Absolutely no way you could do or would want to retro-fit any form of usable motor into the small void available within the hub shell. Maybe a couple of watts, but think how small the rotor and stator would have to be to be self-contained in what is essentially no more than 5mm gap around the axle which would still have to be there to withstand the forces going through the bearings anyway.
Now lets look at Katusha riders frame and Zipp rims of his Canyon Aeroroad CF SLX and see if you could get a usable motor in there to spin a wheel round.
The Rotor (alternating polarity magnets) part of the motor has to be in the rim of the Zipp Firecrest 404s he's riding. The Stator (Coils) of the motor has to be within the seat stay and chain stay VERY close to the Rotor magnets when the wheel is turning. Anything more than 1-2mm gap between rotor and stator is incredibly inefficient because the force of permanent magnets exponentially falls very rapidly when not close to one another. For every 1mm of gap about 20% of the usable force of the motor is lost.
So Lets look at the gap between stays and rim on Katusha's Aeroroad CLX.
There's about a 25mm distance between where the stator could be in the seat stay and where the rotor magnet will pass it inside the Firecrest rim, so essentially ZERO usable magnetic force from the seat stays possible using the chart above. Obviously you could use stronger, much heavier magnets, but even so incredible heavy then for the wheel and inefficient still anyway.
Looking at the chain stays of the CLX
You could argue they might be around 10mm from the rim, so a very slight usable magnetic force there, but tiny in reality still. There's only two chain stays and maybe 3cm of space to fit the stator into where it would align with the magnets in the rim. As Varjas explained, this type of wheel is not considered a motor like a crank-based one, he classes them as boosters because the wheel is really only being propelled from one stator in the stays not around the whole circumference you really require for any usable power.

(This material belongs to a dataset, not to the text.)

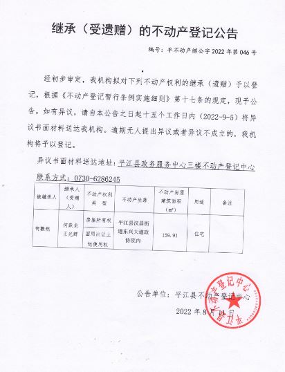 何跃龙、王光辉继承(受遗赠)的不动产登记公告
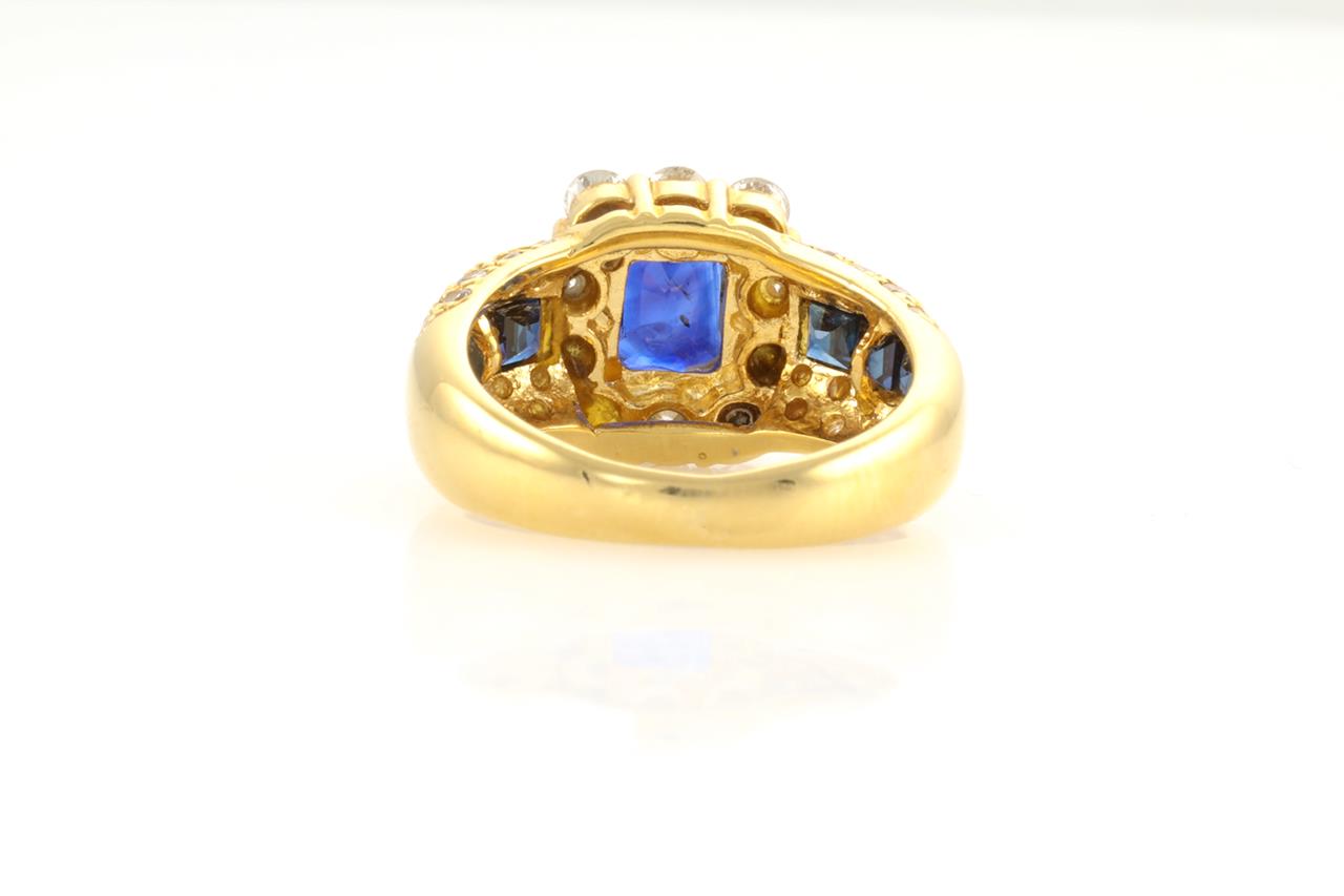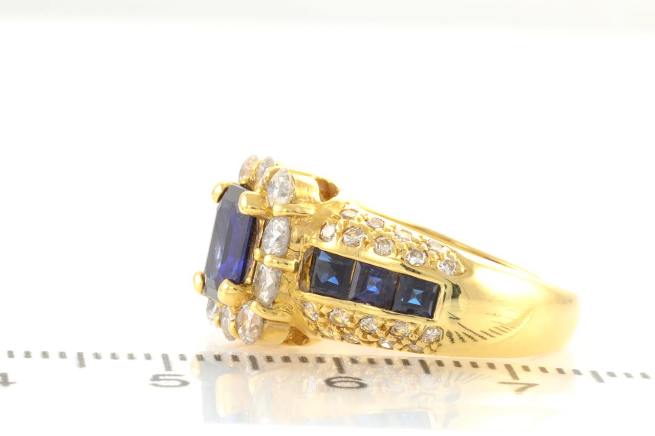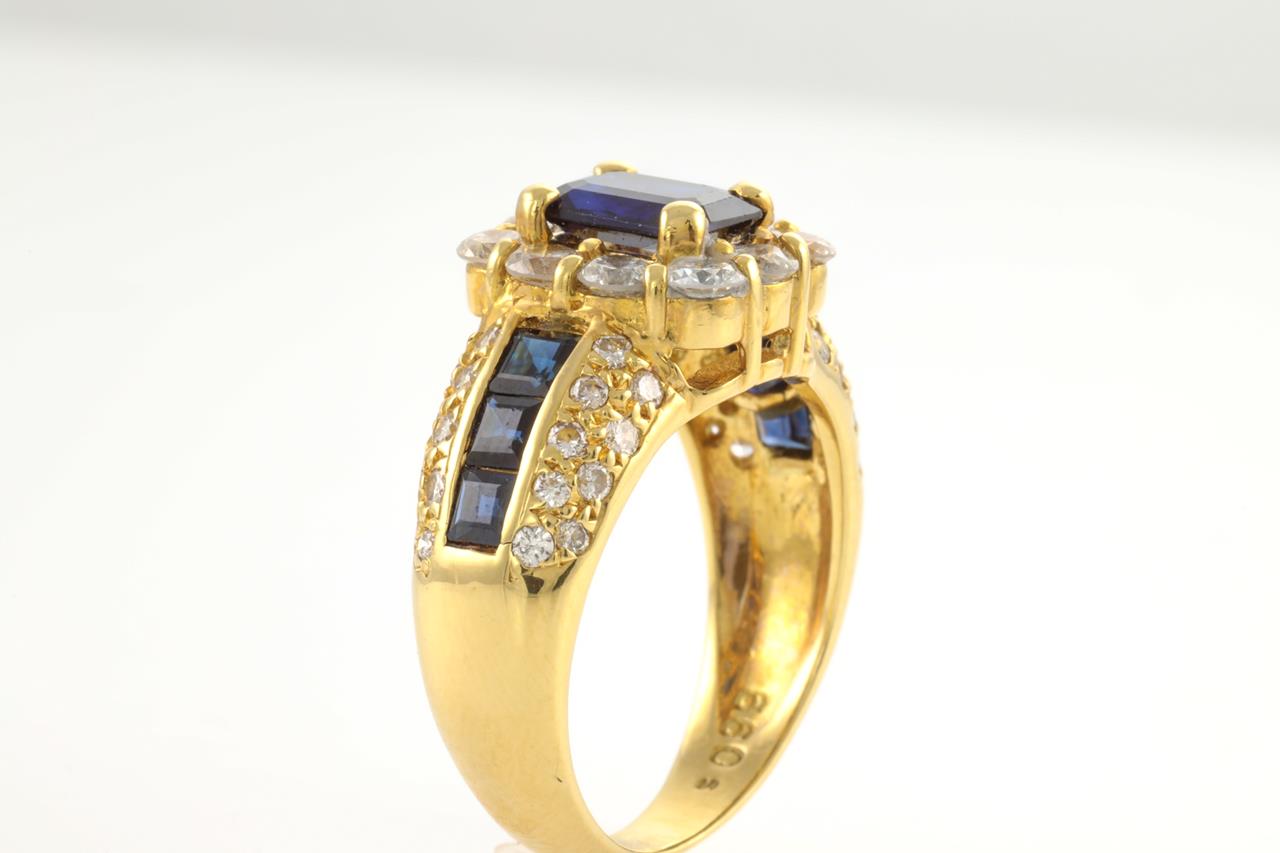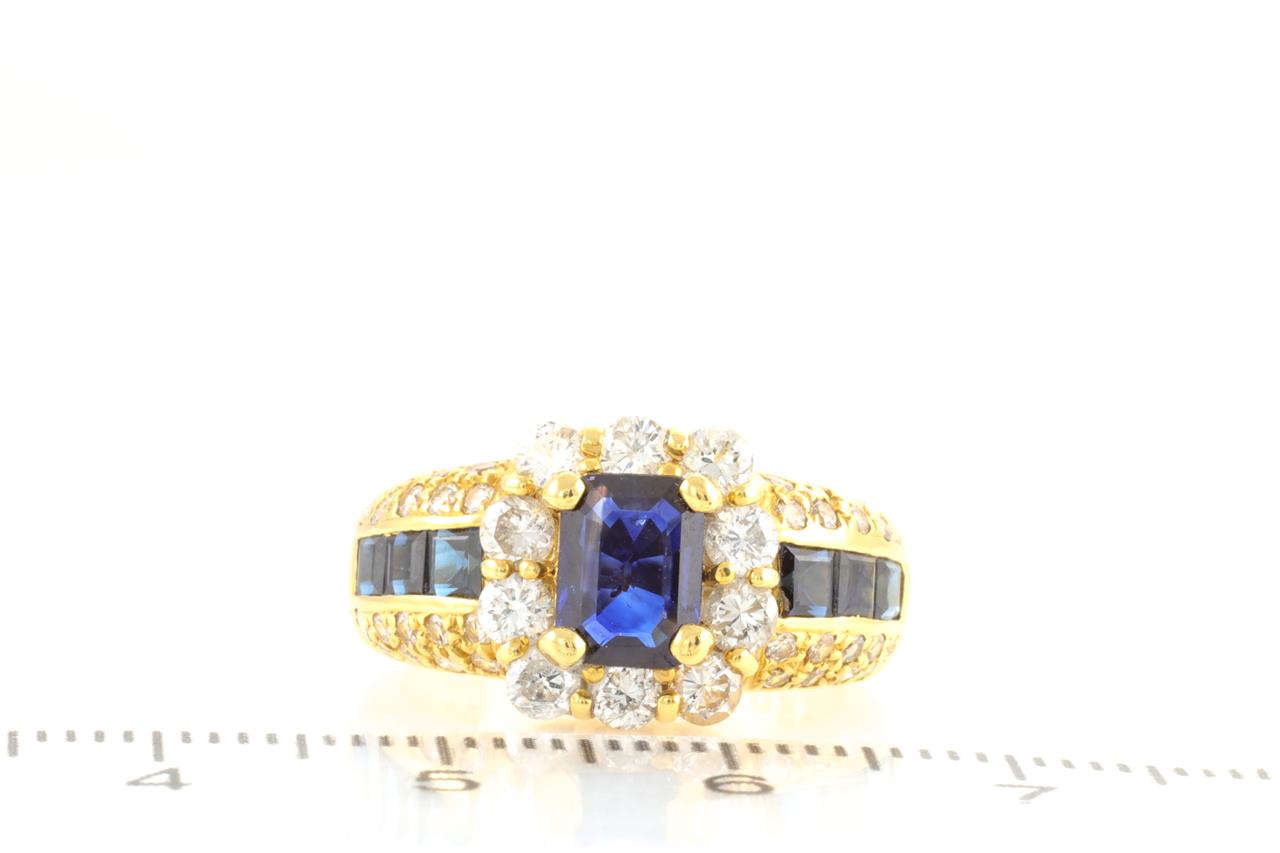 Sapphire and Diamond ring with emerald cut Sapphire of 0.99ct and Diamonds totalling 1.15cts (Estimated grading: H-J SI-P1). 18ct yellow gold. Ring size: K. Weight: 6.5g (Pre-owned)

Here is what a usable rim and frame-based motor looks like in the real world. Notice how the magnets all have to be glued visible to outside of rim to maintain the 1mm gap (even inside the rim you've already increased the gap by 1mm and lost 20% efficiency by doing so). Notice how the seat tube and stays are wrapped around nearly 90 degrees of the wheel to so the stators are working more efficiently with the magnets, not just the 5 degrees available in a typical off-the-shelf frame like the Canyon.
You could argue you might squeeze a couple of usable watts into a typical Zipp rear hub within the couple of cm3 available and a couple of watts in Canyon Aeroroad chainstay given how inefficient it would have to be due, but even that is extremely difficult to do invisibly in the space involved to a simple tablet the UCI uses to detect motors. If you're protecting the magnets from magnetic field detector, you're by default also protecting them from being able to interact with the stator which needs that magnetic field to work off or going down using coils instead of magnets in the rotor, but then you've got the issue how to power the coils wirelessly and that presents a whole new challenge in itself.